Не замок сожгли у мадам Дуайен, сожгли ее сердце… Младший брат – летчик – сгорел в самолете в 1943 году, другой был угнан в Германию, его схватили, когда он спускался с парашютом; он не вернулся… Но ведь дело не только в близких. Разве можно забыть лагеря, тюрьмы, битвы. Кто бы узнал прежнюю даму-патронессу в этой небрежно одетой женщине… Неистовый темперамент! Попробуйте справиться с вдруг забившим нефтяным фонтаном. С окончанием войны пыл ее ничуть не утих, напротив, он еще возрос. Кто-кто, а мадам Дуайен знала, что война не кончена, и она не собиралась отходить в сторонку, она готова была драться, пустить в ход зубы, ногти; от всего своего благородного, своего чистого сердца она говорила: не приемлю…
Анна-Мария слушала ее и изо всех сил пыталась обмануть самое себя. Она знала, видела, что бремя разочарования придавило людей, только это она и видела, но старалась не вникать в связь вещей, не хотела узнавать врага, хотя узнать его было совсем не трудно. Нет, не хотела она отчаиваться, видеть повсюду призрак нацизма, делать выводы, умозаключения… Не хочет она захлебнуться в море безнадежности.
– На днях я встретилась у мадам де Фонтероль с графиней Мастр, – сказала Анна-Мария. – Она на все лады твердила, что ей ужасно хочется видеть меня у себя, поговорить со мной! Не понимаю, откуда такая любезность, ведь она меня совсем не знает!
– Право, Анна-Мария, вы настоящий ребенок! Причина самая простая: у вас крест Освобождения, и вы, хотите вы того или нет, – героиня Сопротивления! Она решила затащить вас к себе с одной-единственной целью – обелить себя!
Анна-Мария подумала: «Как я глупа».
– Она пригласила меня к себе на обед. Сказала, что он состоится через неделю: будут Филипп де Шамфор и Ив де Фонтероль. Я решила, раз у нее бывает генерал…

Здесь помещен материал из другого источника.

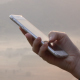 Female using touch screen on smartphone with mountain nature background. Full HD 25 fps 0:10 Sec..

– А генералу она, вероятно, сказала, что будете вы… Я-то ее знаю и запрещаю вам бывать у нее, мадам Белланже! Позволить такой женщине снова всплыть на поверхность – это же преступление. Она честолюбива и аморальна. Не смейте ходить к ней… Какой чудесный мед! И вообще как у вас хорошо… Вы счастливица, живете одна, без забот… Собираетесь вы в следующий четверг к Жермене? Если вы будете, и я прибегу, хотя бы увижусь с вами, в конце концов какое мне дело до гостей Жермены… Когда коллаборационисты служили ей ширмой, за которой она прятала парашютистов – это одно дело, но сейчас я просто отказываюсь понимать Жермену! Как ей не противно!.. Она, очевидно, не может обойтись без людей своего круга, без людей вообще…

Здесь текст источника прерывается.